It is one of the shortest rules in the Fewpips rulebook and one of the easiest to overlook: every trade on a funded account must have a stop-loss and a take-profit attached. Miss it, and an otherwise clean trade can be flagged during a compliance audit. This guide explains exactly where the requirement applies, why it exists, what triggers a flag, and how to comply without changing how you trade.

The Rule, Stated Plainly

On Fewpips funded accounts, a stop-loss (SL) and take-profit (TP) must be placed on all trades. This applies to:

  • CFD Funded accounts (1-Step, 2-Step, 3-Step funded phase)
  • Instant funded accounts
  • Futures Funded accounts

During the challenge phase, an SL and TP on every position is strong best practice and the smartest way to respect your daily loss and per-trade limits, but the hard, audited requirement applies to funded accounts. Build the habit during your evaluation so it is automatic by the time you are funded.

Why Fewpips Requires SL and TP on Funded Accounts

The requirement is not bureaucracy - it is the mechanism that makes every other risk rule enforceable in real time.

  • Every trade has defined risk. A stop-loss caps the loss on any single position, which is what keeps you inside the per-trade limit (no single trade idea may lose more than 2% of the starting balance) and inside your daily loss limit.
  • It prevents one-sided betting. A position with no stop is an open-ended bet on the firm's capital - exactly the behaviour the rules are designed to stop.
  • It protects against gap and runaway risk. A take-profit and stop mean a position cannot drift unmanaged into a drawdown breach while you are away from the screen.
  • It demonstrates professional discipline. Funded capital is committed behind defined-risk trades, not hope.

How SL and TP Connect to the Other Rules

Think of the stop-loss as the tool that keeps you inside three limits at once:

Worked link - $50,000 funded account:
Per-trade cap: a single trade idea may not lose more than 2% = $1,000.
Daily loss limit (CFD funded, 4%): you may not lose more than $2,000 in a day.
If you set your stop so the trade risks about $1,000, you are inside the per-trade cap, and you would need two full stop-outs before approaching the daily limit. The stop-loss is what turns these numbers into an automatic guardrail instead of something you have to watch by hand.

What Triggers a Compliance Flag

Every funded account goes through a post-trade compliance audit before payouts. On the SL/TP rule, the audit looks for:

  • Open or closed trades on a funded account with no stop-loss attached.
  • Trades placed without a take-profit.
  • Patterns suggesting stops were removed after entry to let a losing position run (a form of one-sided betting).

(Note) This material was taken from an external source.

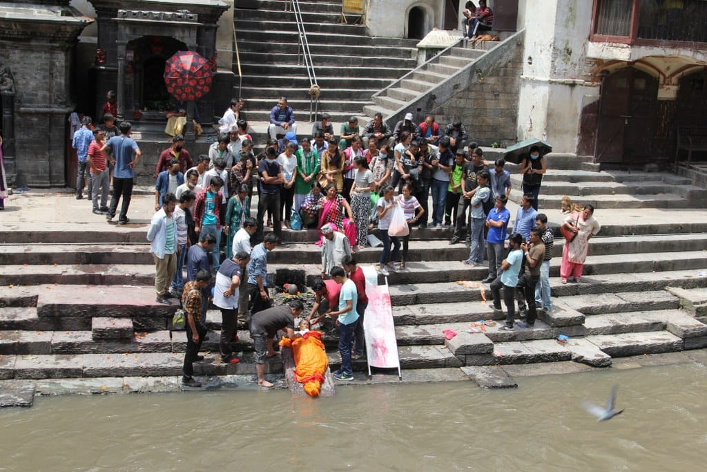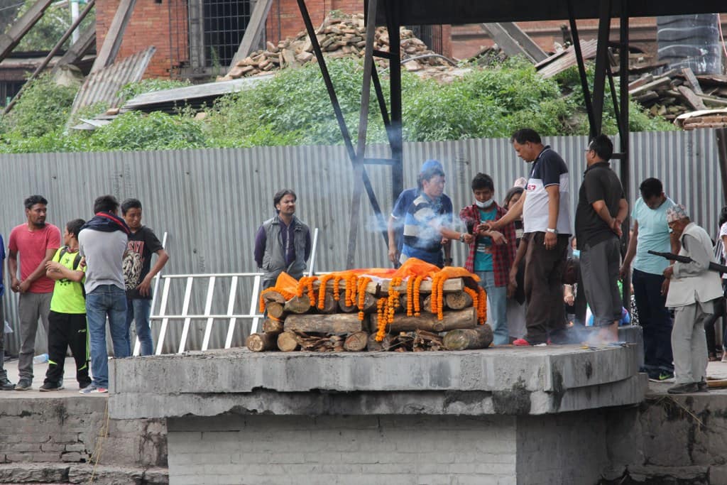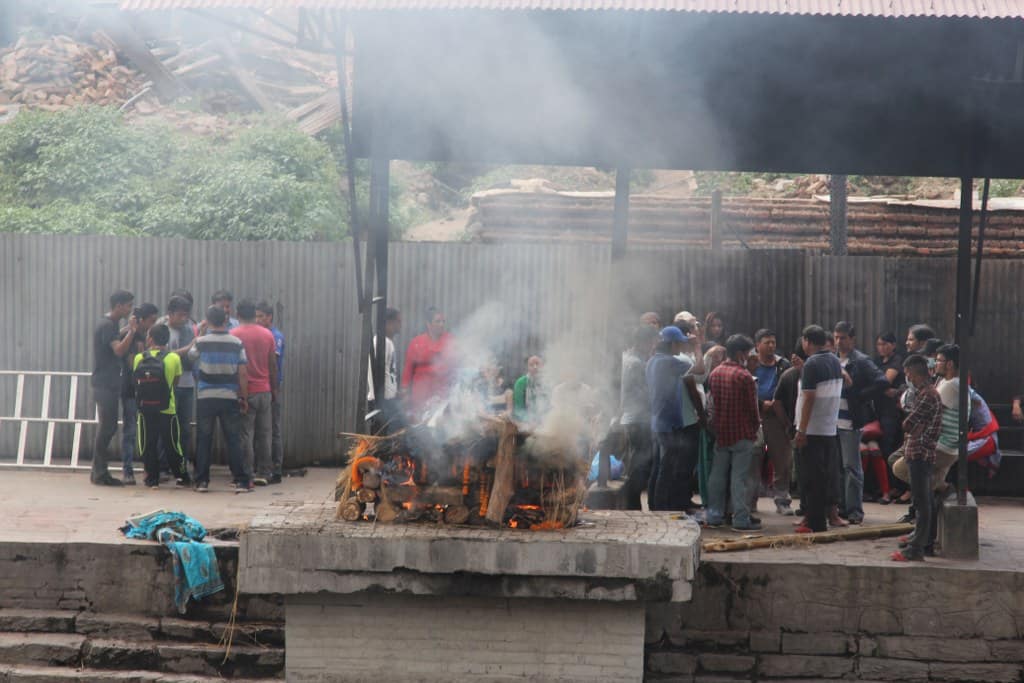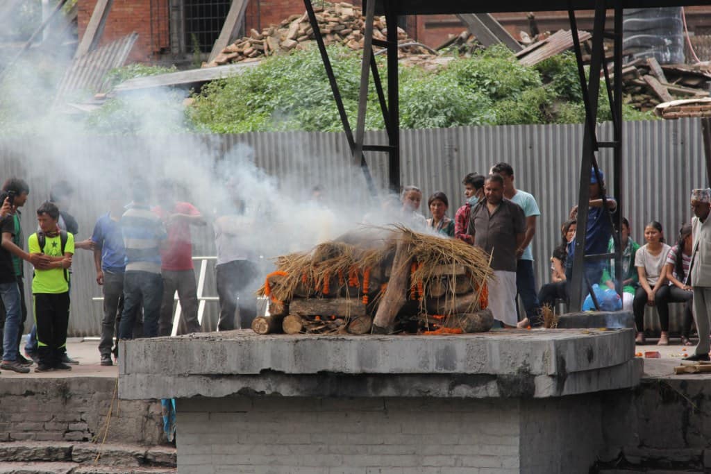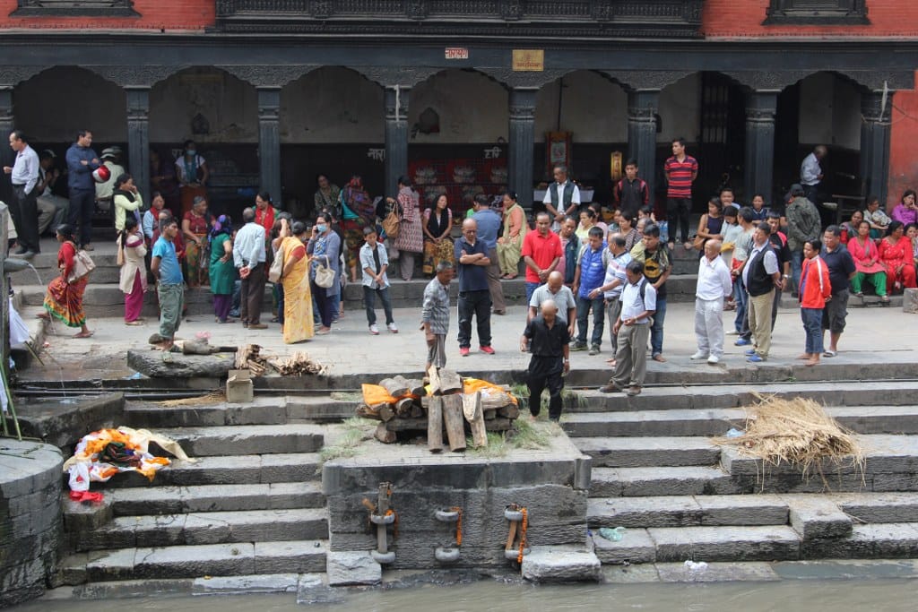 Terug bij de crematieplaats: Hier wordt een (dode) vrouw naar de rivierzijde gebracht en met de voeten in de heilige rivier gelegd. Eerst wordt het hoofd ontbloot en daarna de voeten. Aansluitend worden er liederen gezongen en mag de naaste familie water, uit de rivier, in haar gezicht en over haar voeten sprenkelen. Terwijl we dit alles aanschouwen, wordt het volgende lichaam al weer aangedragen. Deze stoet gaat nu op weg naar de crematieplaats, nadat het lichaam met bloemenslingers en andere versieringen zijn bedekt. Aangekomen op de crematieplaats ligt het hout al klaar, alvorens het lichaam daar wordt neergelegd, wordt er eerst driemaal (tegen de klok in) met het lichaam rond de houtstapel gelopen. Dit wordt gedaan door de mannelijke familieleden, in dit geval de zoons. De vrouwen kijken toe en brengen daarna nog een ceremonie. Eerst wordt er een stuk brandbaar hout op het ontblote gezicht gelegd, daarna wordt de stapel aangestoken. Ook de aanwezige familieleden filmen/fotograferen het ritueel/afscheid. Nog even een kijkje terug, en zien we het gereedmaken van de volgende twee crematies alweer in volle gang. Erg bijzonder om dit zo te zien. Voordat de volledige crematie is voltooid, duurt zo’n 3 a 4 uur. Tijdens de crematie blijft de familie/vrienden aanwezig tot het vuur gedoofd is.

Because rule violations breach a funded account immediately and without warning, a habit of trading without protective orders is one of the avoidable ways traders lose otherwise profitable accounts.

How to Stay Compliant

1. Attach SL and TP at entry, every time

Set both orders at the moment you open the position, not "once it moves my way." Most platforms let you define stop and target on the order ticket before you click buy or sell - use it.

2. Size the position from the stop, not the other way around

Decide where your stop belongs based on the chart, then size the position so the distance to that stop equals your intended risk (for example around 1% of the account). This keeps you inside both the per-trade and daily limits automatically.

3. Do not widen or remove a stop to avoid a loss

Moving a stop further away to dodge a loss is the fastest route to a daily-loss or max-drawdown breach, and removing it entirely can read as one-sided betting in the audit. If the trade is wrong, take the planned loss.

4. If you trade automated strategies, build SL/TP into the logic

EAs are not permitted on funded accounts, but on approved CFD challenge automation, make sure every order the system sends carries a stop and target so the funded transition is clean.

Frequently Asked Questions About SL and TP Requirements

Do I need a stop-loss and take-profit during the challenge too?

The hard, audited requirement is on funded accounts. During the challenge it is best practice and the easiest way to stay inside your daily loss and per-trade limits - and building the habit early means nothing changes when you get funded.

Does this apply to every account type?

Yes, on the funded side: CFD Funded (1/2/3-Step), Instant, and Futures Funded all require a stop-loss and take-profit on every trade.

Can I move my stop-loss after entry?

You can manage a trade normally - including moving a stop to lock in profit. What you should never do is widen a stop to avoid taking a loss or remove it entirely, which risks a drawdown breach and can be flagged as one-sided betting.

What happens if I forget to set a take-profit on one trade?

The requirement is that funded trades carry both orders. A pattern of trading without protective orders is what the audit targets. The safe approach is to make attaching SL and TP part of your entry routine so it never happens.

Why does Fewpips care if it is my profit on the line?

On a funded account it is the firm's simulated capital backing your trades. Defined-risk orders are what make the funded relationship sustainable - and they protect you from the single biggest cause of blown accounts: an unmanaged position.

The SL/TP rule asks for nothing that a disciplined trader is not doing already. Attach both orders at entry, size from your stop, and respect the loss when you are wrong - and this rule will never be the reason a payout is held.